Every corner of Gaza reminds me of him; indeed the whole city has become his image and his shadow. I would walk and see him at my side, hear his laugh — a laugh that combined seriousness and warmth. I would see him sitting in front of the cup of coffee he made himself in the morning, talking about politics or waiting for a Barcelona match he loved.
Basil was not just my son; he was my friend, my companion and the voice of reason at home. He loved the sea and swimming, running like a happy child whenever he neared the water. He wrote literary pieces and mature political analyses that reflected rare awareness and a brave stance. His articles were an extension of his national and human upbringing and his steadfast faith in the homeland despite the defeats.

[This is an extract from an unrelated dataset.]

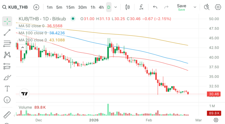 สถานการณ์ของ KUB Coin เหรียญหลักประจำเครือข่าย Bitkub Chain ในวันนี้ (23 กุมภาพันธ์ 2026) กำลังเป็นที่จับตามองของเหล่านักลงทุนไทย หลังจากกราฟราคาได้ร่วงลงมาซื้อขายอยู่ที่ระดับ 30.46 บาท หรือคิดเป็นมูลค่าที่ร่วงลงกว่า 2.15% ในช่วง 24 ชั่วโมงที่ผ่านมา
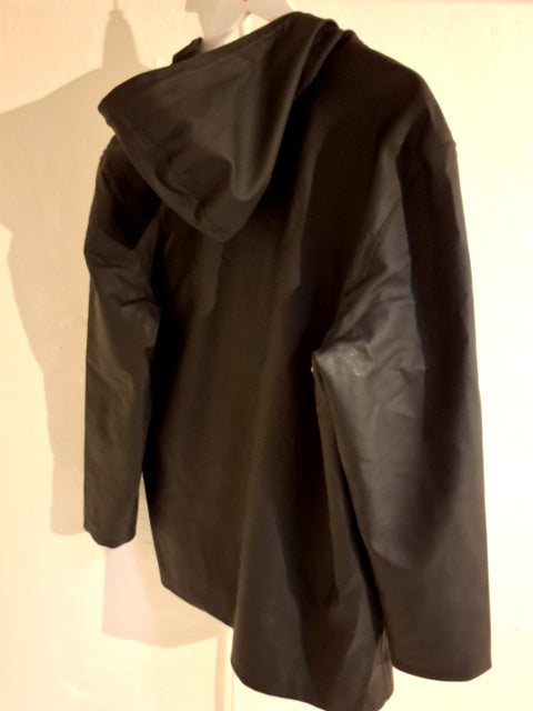 Jakken har en afslappet pasform og en hætte. Den er lavet af slidstærkt materiale med trykknapper. " The Stockholm Coat "

Basil’s departure was not the only wound; my house was also destroyed. The house that carried me, my family and my memories no longer exists. I could not bring myself to visit its site; the heart cannot bear to see its memory crushed beneath the rubble.

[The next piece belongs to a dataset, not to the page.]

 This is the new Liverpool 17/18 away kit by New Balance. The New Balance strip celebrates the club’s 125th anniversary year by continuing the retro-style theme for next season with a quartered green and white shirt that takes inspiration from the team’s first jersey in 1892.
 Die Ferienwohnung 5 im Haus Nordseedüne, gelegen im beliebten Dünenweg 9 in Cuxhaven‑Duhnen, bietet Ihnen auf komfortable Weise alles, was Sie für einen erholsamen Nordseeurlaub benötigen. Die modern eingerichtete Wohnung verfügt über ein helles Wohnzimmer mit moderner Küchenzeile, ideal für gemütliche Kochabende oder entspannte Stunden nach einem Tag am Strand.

I left everything in it: my photos, my papers, my books, my children’s laughter, and the long evening voices when we gathered around the table or watched the news. I remember Basil putting Fairuz and Marcel Khalife on the tape player, or on the car stereo on the way to Rafah, and reciting Mahmoud Darwish’s poem “Ahmad al-Arabi.”
That house was not just walls; it was the small homeland I built with my own hands, and the quiet, elegant street in the nice neighborhood was part of it. Today its calm has been stolen and its features have become gray lines in a memory weighed down by pain.
After all this time I remain displaced, without a home to shelter me, without walls on which to hang a picture or a postponed dream. This displacement within the homeland, inside the city I belong to, is the harshest thing a person can endure.
Still, a small thing that resembles hope seeps in — not a loud hope, but that distant light at the end of the tunnel: our love for this land that has not been taken from us despite all the losses; the look of my granddaughter trying to understand and smile despite her father’s absence; the sea, which even in its sorrow, still stretches out and tells us: life has not ended yet.
We who remain carry the memory of those who have gone: their homes, their laughter, their voices. We walk with it among the rubble not to forget, but to remember that our story here has not ended, and that this land, despite everything, is still our home.
Today we leave Gaza again. During the eight months since our return, we felt a kind of temporary stability. We tried to make a home in a house that was not truly ours and to gather what remained of our spirits. But today we are forced once more to flee my beautiful city, whose streets, alleys, history and cultural heritage I know by heart.
I no longer tire myself thinking about what comes next, for the next thing is clear: the occupying state will seize what remains of a city half destroyed, and what is left will be little more than ruins and houses struggling to stand.